3-D printers can print body parts, super-strong ceramics – there was even a machine on the space station. Now, researchers in Austria and Germany have found a way to custom-print strong magnets with weird magnetic fields quickly and cheaply.
The technique, by Christian Huber from Vienna University of Technology and colleagues, can be used in applications that need complex magnetic fields, such as magnetic sensors. It was unveiled in Applied Physics Letters.
Conventional magnets, such as the simple bar magnet with a north pole at one end and a south at the other, are usually produced by sintering.
Metal powder pressed into a mould is heated to fuse it into a solid lump. It’s then popped between the poles of a powerful electromagnet which aligns the magnetic atoms in the material to produce a strong, permanent magnet.
Creating a single magnet with a customised particular magnetic field pattern could, for instance, provide smoother transitions between strong and weak fields for magnetic sensors, such as those that detect how fast your car wheels turn.
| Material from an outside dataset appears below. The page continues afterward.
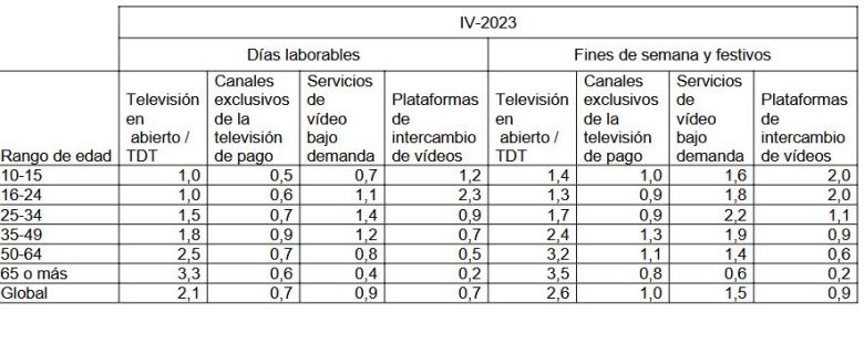También se dice que los cambios en la TDT no tienen importancia porque todo el mundo prefiere las plataformas de pago a la televisión en abierto gratuita. Eso depende mucho de la franja de edad, pero ni siquiera es así en el caso de los más jóvenes, como se ve en el cuadro obtenido en el informe de la CNMC copiado aquí. Por cierto, solo RTVE play tiene una reducida oferta en UHD (ciudades españolas patrimonio de la Humanidad)

And unusual magnetic field patterns aren’t limited to sensors: they’re can be needed in the lab. “We often require special magnetic fields, with field lines arranged in a very specific way – such as a magnetic field that is relatively constant in one direction, but which varies in strength in another direction,” says Dieter Süss, co-author of the study.
The problem is sintering a magnet to produce these fields is tricky and time-consuming – hardly worth it if you only want one magnet. Huber and co thought there had to be an easier way.
Enter 3-D printing. Magnets have been printed before, but they started with and built upon conventional magnets. Huber and colleagues started from scratch.
Software lets a person create a magnet with a specific field. The design is then sent to a 3-D printer – but one with special building materials.
It prints filaments of metallic powder – an alloy of neodymium, iron and boron – in polymer binding material. The material is heated and a nozzle dots the melted mix, point by point, to build the 3-D shape.
At this point, the shape – around 90% metallic material and 10 % polymer – is not yet magnetic. Like its sintered counterparts, it’s exposed to a strong magnetic field and is converted to a permanent magnet with different patterns of magnetic field.
“This method allows us to process various magnetic materials, such as the exceptionally strong neodymium iron boron magnets,” explains Süss.
“Magnet designs created using a computer can now be quickly and precisely implemented – at a size ranging from just a few centimetres through to decimetres, with an accuracy of well under a single millimetre.”